[Records provided]

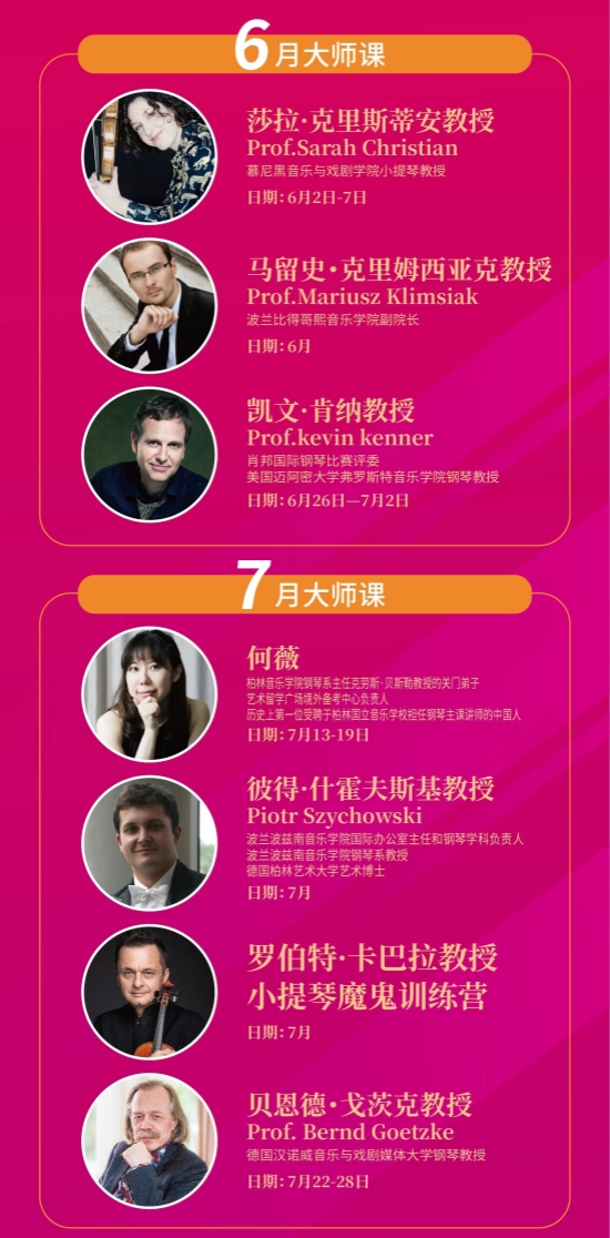 2026年,我们将邀请30位国际知名教授亲临中国授课,线下课程涵盖钢琴、小提琴两大核心品类,让你不出国门,就能沉浸式感受顶级教学的魅力。
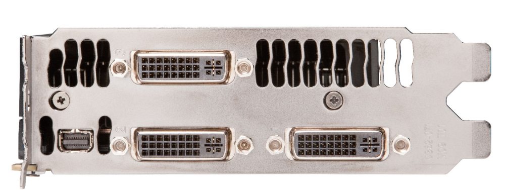 GTX 590 bliver som standard leveret med tre Dual Layer DVI-I-stik og et enkelt Mini DisplayPort-stik, så du hurtigt kommer i gang, hvis du har stillet en myriade af fladskærme op på skrivebordet.
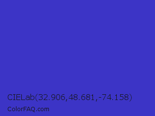 CIELab 32.906,48.681,-74.158 Color is a normal indigo color and the nearest color is Governor Bay #2f3cb3. Hex code #3c34c6 and RGB value is rgb(60,52,198). In RGB color space, this color is composed of 24% red, 20% green, 78% blue, In CMYK color space, this color is composed of 70% cyan, 74% magenta, 0% yellow , 22% black , In HSL color space, this color has a hue angle of 243° , 58% saturation and 49% lightness.
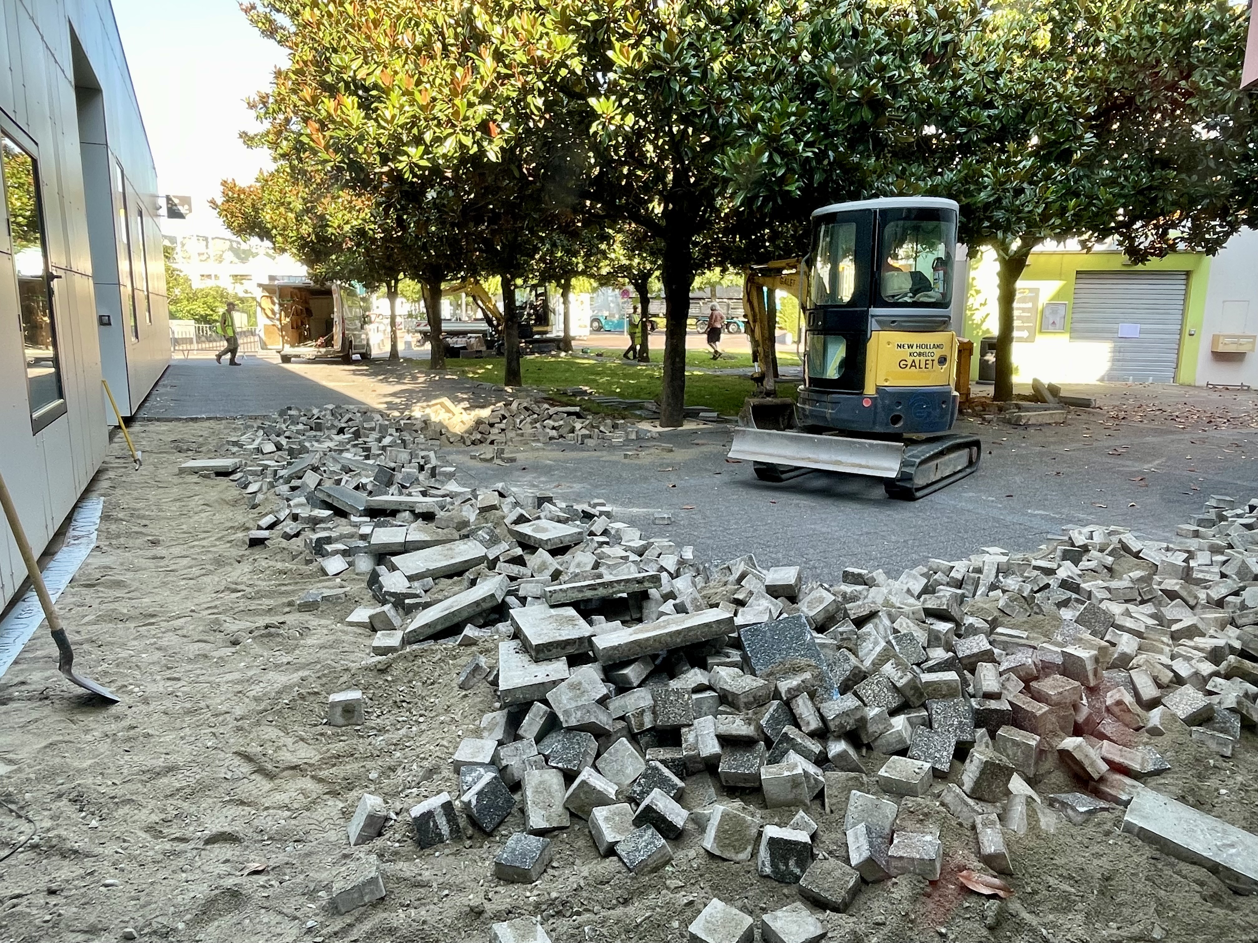 Avec le temps, les pavés du parvis se sont progressivement soulevés, en raison du développement des racines des magnolias. Cette dégradation du revêtement rendait la circulation difficile et présentait des risques de chute pour les piétons. La réfection du parvis s’imposait donc pour garantir la sécurité des usagers, tout en préservant ces arbres emblématiques du site.
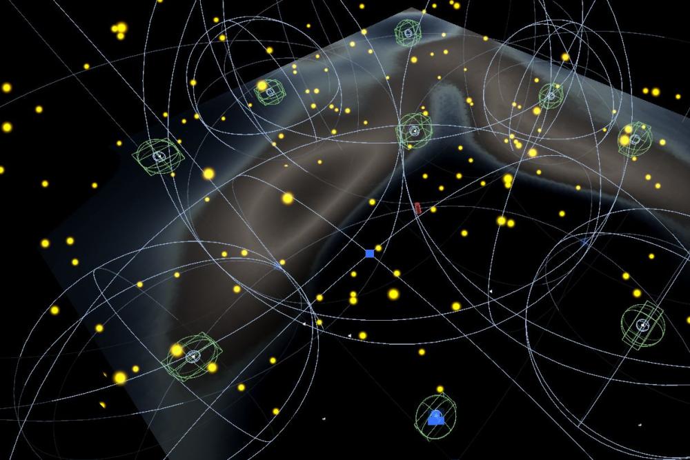 The Unity environment, in the form of a navigable first-person experience, is initially populated with bird vocalizations in communication with each other before slowly being superseded by anthrophonic noise such as busy city streets or airplanes. The user is free to explore the sound space and is also accompanied by minimal visuals of bobbing golden orbs, representative of the initially balanced and pristine acoustic environment. As the anthrophony arrives, a mist is introduced to the space, disrupting the user’s navigability and the overall clarity of the orbs in parallel to the effect disrupted acoustic space has for the orientation of species in their environment.
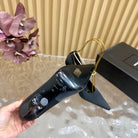 RÉGINE PUMPS IN BLACK SATIN GOLD CHAIN
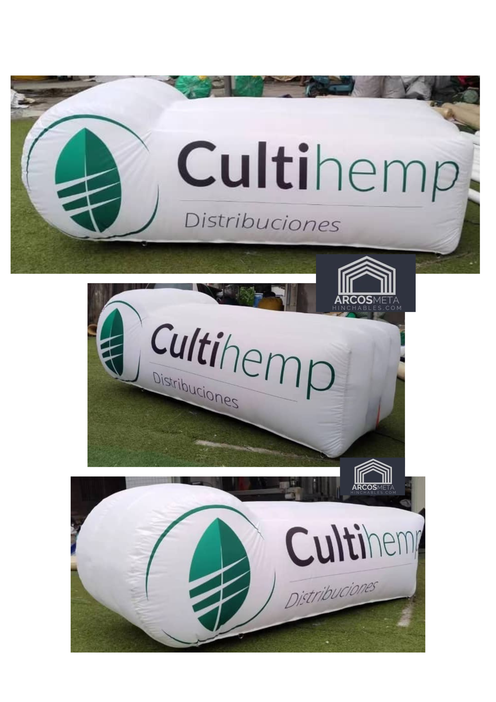 Partiendo del logo original y respetando absolutamente el diseño y el pantone de colores damos volumen a los logotipos y marcas de nuestros clientes obteniendo así un elemento publicitario hinchable
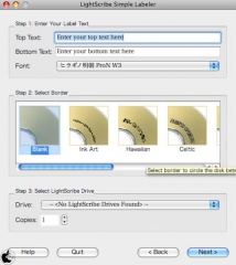 ヒューレット・パッカードが開発したドライブを用いてレーザーでレーベル面に描画可能な技術「LightScribe」(レーベルフラッシュとは異なる規格) 対応のCD/DVD作成を行なう事ができます。

[/Records provided]

■ To do ■
Only the lines from the line with "Avec le temps, les" through the final line of the material belong in the answer, copied exactly and without pictures.

■ Answer ■
 Avec le temps, les pavés du parvis se sont progressivement soulevés, en raison du développement des racines des magnolias. Cette dégradation du revêtement rendait la circulation difficile et présentait des risques de chute pour les piétons. La réfection du parvis s’imposait donc pour garantir la sécurité des usagers, tout en préservant ces arbres emblématiques du site.
 The Unity environment, in the form of a navigable first-person experience, is initially populated with bird vocalizations in communication with each other before slowly being superseded by anthrophonic noise such as busy city streets or airplanes. The user is free to explore the sound space and is also accompanied by minimal visuals of bobbing golden orbs, representative of the initially balanced and pristine acoustic environment. As the anthrophony arrives, a mist is introduced to the space, disrupting the user’s navigability and the overall clarity of the orbs in parallel to the effect disrupted acoustic space has for the orientation of species in their environment.
 RÉGINE PUMPS IN BLACK SATIN GOLD CHAIN
 Partiendo del logo original y respetando absolutamente el diseño y el pantone de colores damos volumen a los logotipos y marcas de nuestros clientes obteniendo así un elemento publicitario hinchable
 ヒューレット・パッカードが開発したドライブを用いてレーザーでレーベル面に描画可能な技術「LightScribe」(レーベルフラッシュとは異なる規格) 対応のCD/DVD作成を行なう事ができます。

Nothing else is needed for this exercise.